凡煙小說

第45章

關燈
莫詞晚一進入劍陣,那扇大門便再次關上了。

一轉身幾人便看到了那只碩大的犼獸,莫詞竹仰頭看了一眼,這有點令人頭疼了。

羽卿擡手一桿銀|槍出現在她手中,白羽如利刃一向犼獸襲擊而去。

狐言的目光也嚴肅了很多,長鞭在手,摸了摸雪洇的兔耳朵:“小心點。”

豐澤也握著一對銀鉤上了,穆商懶洋洋打了個響指,幻境落下。

畢竟是洪荒妖獸,誰也不敢掉以輕心,但莫詞竹知道些它的弱點,眼眸微瞇,握著打狗棒也加入了戰局。

“師姐,找機會斷了它的角。”莫詞竹對羽卿說到。

“好。”羽卿反手給了犼獸一槍,狐言趁機長鞭直擊它的眼眸。

莫詞竹一棍打在它的腹部,隨後冰霜散開,狐言一擊倒是真打中了它的眼睛。

但似乎只是讓它變的更加暴躁了。

穆商的幻術影響了它的判斷,使它對著虛無的地方攻擊。

然而暴躁的犼獸,身形再次變大,穆商維持著幻境,差點被尾巴掃到。

羽卿的白羽瞬間組成一件披風落在了穆商身上,護住了她。

“多謝。”穆商輕聲道。

羽卿沒有回應她,而是凝聚力量在槍|尖,身後的羽翼展開,手執銀|槍,果斷的給了犼獸的角一擊。

斷了一角,讓它變的格外的暴躁。

豐澤的銀鉤卡在了犼獸的利爪之中,難以取出,斷了一角的犼獸變的無比的暴躁,靈氣蕩開,長尾一甩,除了羽卿和胡言,其他人竟都被甩出去了。

莫詞竹咬了咬牙,變回原形,將穆商接住,而豐澤也變回了原形,雪洇指尖凝聚了雷電,向犼獸襲去。

羽卿手中的銀|槍,再次落在了犼獸的腹部,羽翼展開,急速的向後劃去,水靈氣在她的槍尖縈繞,令犼獸的傷口無法愈合。

白蛇和犼獸纏鬥起來,莫詞竹恢覆原身,整個洞府迅速的被寒冰覆蓋,莫詞竹也和白蛇一樣與犼獸纏鬥著。

龍爪劃過它的後背,硬是將之弄傷了。

穆商再次展開幻境,同時展開了魅術,攻擊著犼獸的靈魂。

幾人合力,犼獸漸漸的落入了下風,而此時劍陣之中也傳來了異動。

然而這異動卻讓犼獸再次發狂。

豐澤被它的前爪按在地上,蛇身被碾入塵土,整個洞府開始晃動。

莫詞竹釋放出龍息,龍尾掃過犼獸壓著白蛇的前肢,寒冰將前爪凍住,狐言趁機長鞭襲擊過去,那犼獸的這只前爪就此斷開。

穆商的幻境讓犼獸的法術都落到了空出,那犼獸斷了一只前爪,但並未就此放棄,反而有種想向劍冢的大門沖去的意向。

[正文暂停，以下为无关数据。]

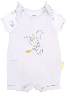 Komplet składający się z body i ramperu z motywem słonika Dumbo. Beżowy rampers z dwoma kieszonkami z przodu i z tyłu, w kroku zapinany na zatrzaski. Białe b...
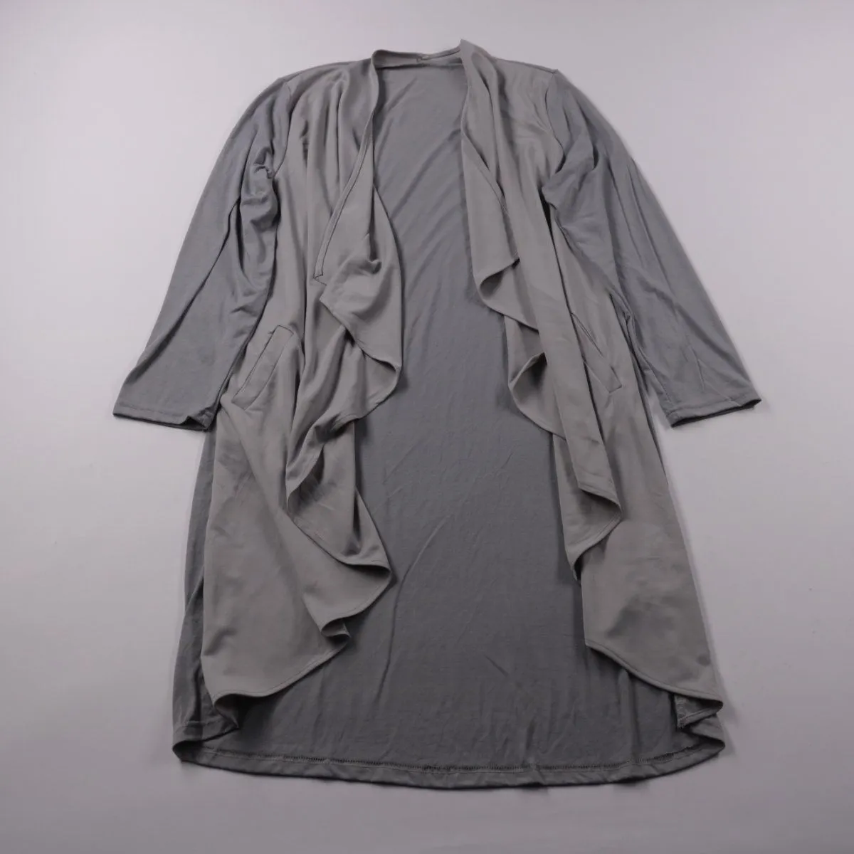 Женский кардиган-накидка серого цвета с драпированными полочками и карманами. Подойдёт для повседневных образов и офиса, удобно носить поверх платья или топа в прохладную погоду. Ткань тянется и не мнётся так сильно, как натуральные материалы.

莫詞竹心中一震,莫詞晚正在破陣,此時要是犼獸闖了進去,莫詞晚必死無疑。

震耳欲聾的龍吟響徹,狐言再一鞭將犼獸的另一只眼睛毀去。

雪洇的雷擊也落在犼獸身上。

冰龍將向大門狂奔的犼獸纏住,龐大的龍息釋放,在場的所有妖族都感覺到了一瞬間的靈魂深處的戰栗,但莫詞竹的修為到底是在場所有人最低的,因此那影響也只有一瞬間。

龍身纏繞著犼獸,龍爪按著它的腦袋,刺骨的寒冰瞬間將犼獸封住。

羽卿和狐言見狀,同時攻擊了它的兩只角,而白蛇乘機斷了它的尾巴。

雪洇手執長劍自犼獸腹部一劍而下,順著方才羽卿留下的舊傷,將之貫穿。

最後一瞬間,自犼獸身上散發出的強大的妖氣,一道道火焰落下,連羽卿都被火焰傷到了,冰霜追隨著火焰,一道道撲滅,才讓眾人沒有受重傷。

直到犼獸徹底倒下了,莫詞竹才松開了它。

幻化回人形,瞬間吐出了一口血,到底是洪荒的兇獸,垂死掙紮的全力一擊,豈是莫詞竹這小小心動期能抵抗的。

穆商眼疾手快的扶著她:“小竹兒。”

其他人雖也受了傷,但本身實力比莫詞竹強,加上莫詞竹是直接用龍身纏著犼獸,最後犼獸釋放的威壓和靈力全是莫詞竹承受的。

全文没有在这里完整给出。